1.2 - Cartesian coordinate system

In the plane, two perpendicular lines (also called axes) are chosen, and the coordinates $(x, y)$ of a point $\mathbf{P}$ are taken to be the signed distances between the origin $\mathbf{O}$ and the projection of $\mathbf{P}$ onto the axes.


Image


For example, the point $\mathbf{P}$ in the illustration above has coordinates $(2, 3)$ since its projection is two units away from $\mathbf{O}$ along the x-axis, and three units away from $\mathbf{O}$ along the y-axis.

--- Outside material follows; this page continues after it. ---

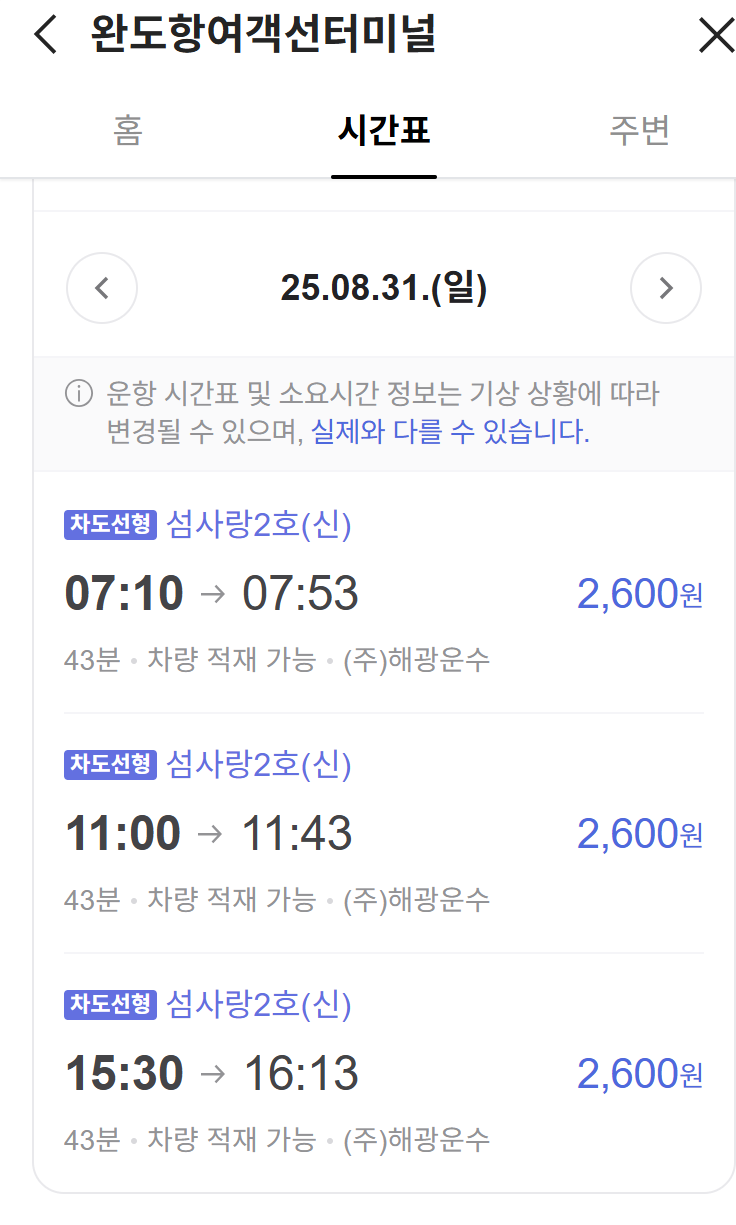 Q3. 소모도에 가는 배는 하루 몇 번 있나요?
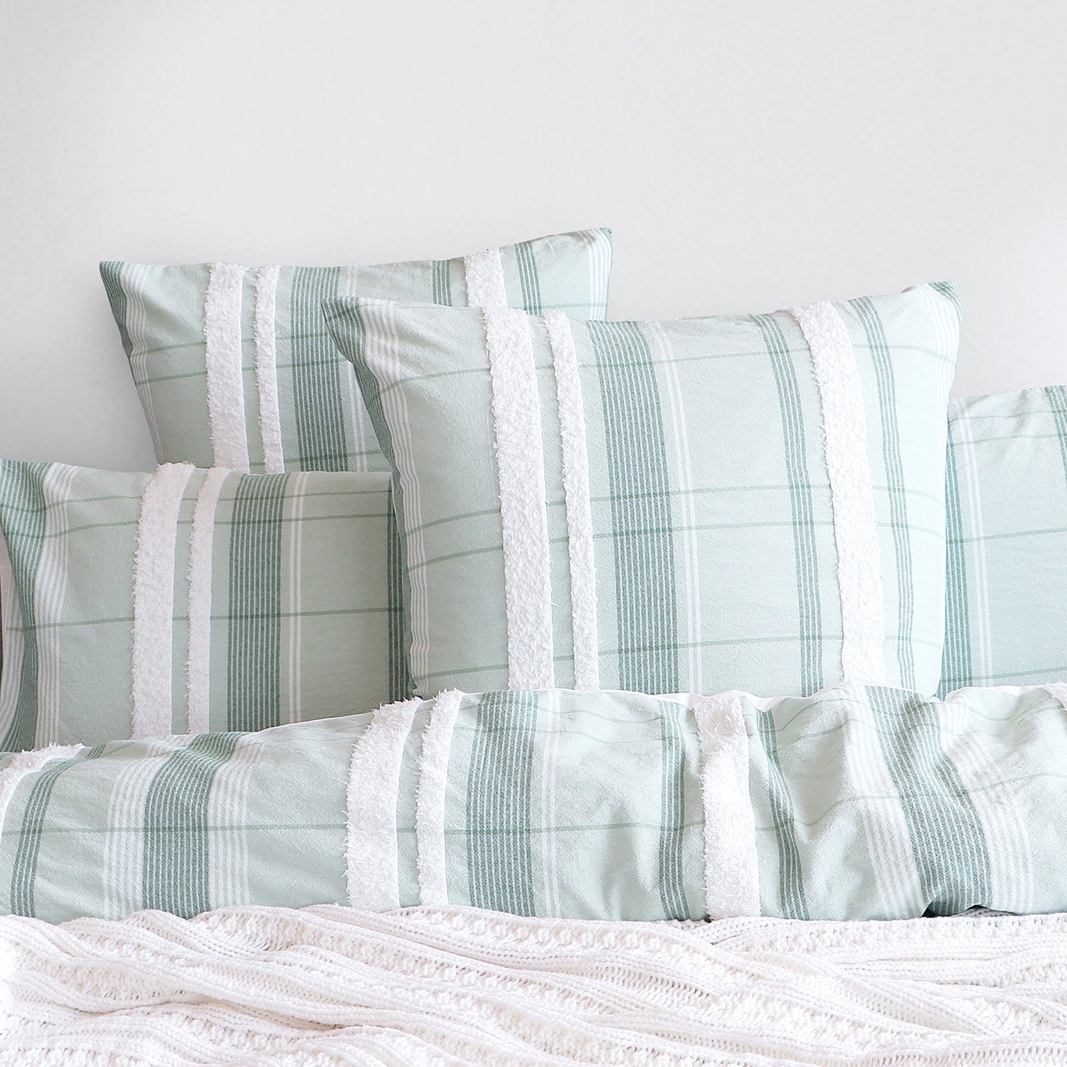 Experience effortless elegance with our yarn-dyed tufted jacquard quilt cover set. Featuring soothing sage green stripes offset by creamy white tufted accents, this design exudes a calm, airy vibe—perfect for relaxed coastal, Scandinavian, or Hamptons-style interiors. The textured fabric adds depth & softness, making it not just visually beautiful but incredibly comfortable to sleep in. Crafted for modern lifestyles, this quilt cover blends timeless charm with today’s relaxed, natural living. Complete your set with matching European pillowcases.

In three dimensions, three mutually orthogonal axes are chosen and the three coordinates $(x, y, z)$ of a point are the signed distances between the origin $\mathbf{O}$ and the projection of the point onto the axes. For this purpose, if you want to project a point $\mathbf{P}$ onto the x-axis, you can first project the point perpendicularly onto the xz-plane, so that we are in 2D once again. Then, you can project the result onto the x-axis.
You can also see the coordinates $(x, y, z)$ as a sequence of movements from the origin. That is, starting from the origin $\mathbf{O}$, to get to the point $\mathbf{P}=(x, y, z)$, you move $x$ units along the x-axis. Then, from that position, you move $y$ units parallel to the y-axis. Finally, you move $z$ units parallel to the z-axis, as shown in the following illustration.


Image


Depending on the direction and order of the axes, a three-dimensional system may be a right-handed or a left-handed system.


Image


Usually the y-axis points up, the x-axis points right while the z-axis points forward in a left-handed coordinate system (backward in a right-handed frame). That’s not a strict rule, though. Sometimes, you can have the z-axis points up. In that case, the y-axis points backward in a left-handed system (forward in a right-handed one). You can always switch from a y-up to a z-up configuration with a simple transformation, but there's no point in providing further details here as we will mostly use a y-up configuration. Typically, with DirectX we will use a left-handed coordinate system. However, again, that’s not a strict rule: you can also use a right-handed coordinate system.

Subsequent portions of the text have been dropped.